Hlophe’s confidant and University of Cape Town administrator Paul Ngobeni told the M&G that Hlophe’s team will not only argue bias but that the hearings had not been properly constituted because of the exclusion of Justice Minister Enver Surty.
Surty recused himself on the grounds that he facilitated settlement talks between Hlophe and the 13 Constitutional Court judges who laid a complaint against Hlophe last year.

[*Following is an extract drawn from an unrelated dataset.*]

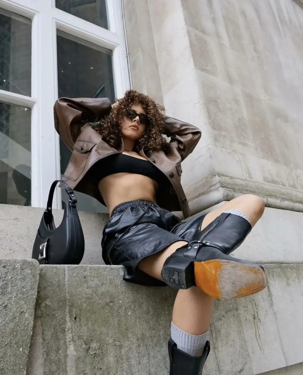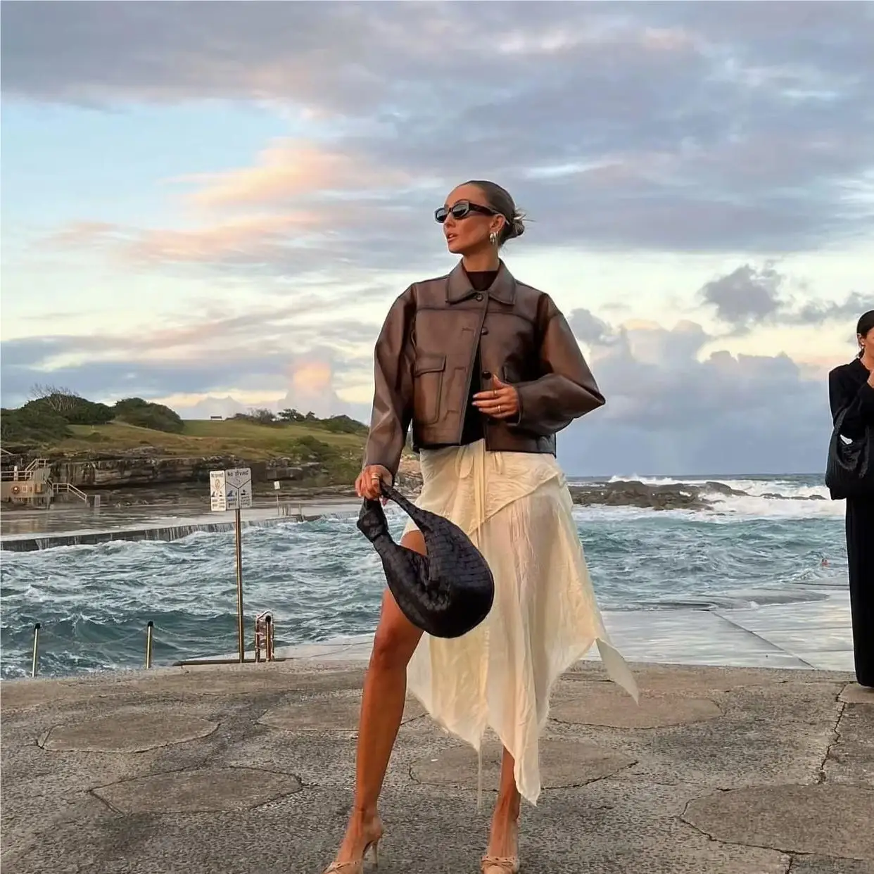 Model Number: black leather jacket women vintage

Hlophe’s team will use a legal opinion the JSC commissioned last June from Cape-based senior counsel Owen Rogers on how JSC hearings should be constituted. The M&G has seen Rogers’s written opinion, which was originally commissioned to explain the legal implications of both Chief Justice Pius Langa’s and Deputy Chief Justice Dikgang Moseneke’s inability to chair the hearing into Hlophe.
On that point, Rogers wrote that it would be ”patently absurd if the JSC were precluded from dealing with a matter simply because neither the Chief Justice nor his Deputy were able to participate”.
But regarding the participation of other JSC members, Rogers referred to the ”prima facie position that the JSC can perform its functions only if all the current incumbents participate … Accordingly, while I think it would be highly desirable for the legislation to be amended to permit the JSC to function by reduced quorum, I must conclude that this is currently not permissible.”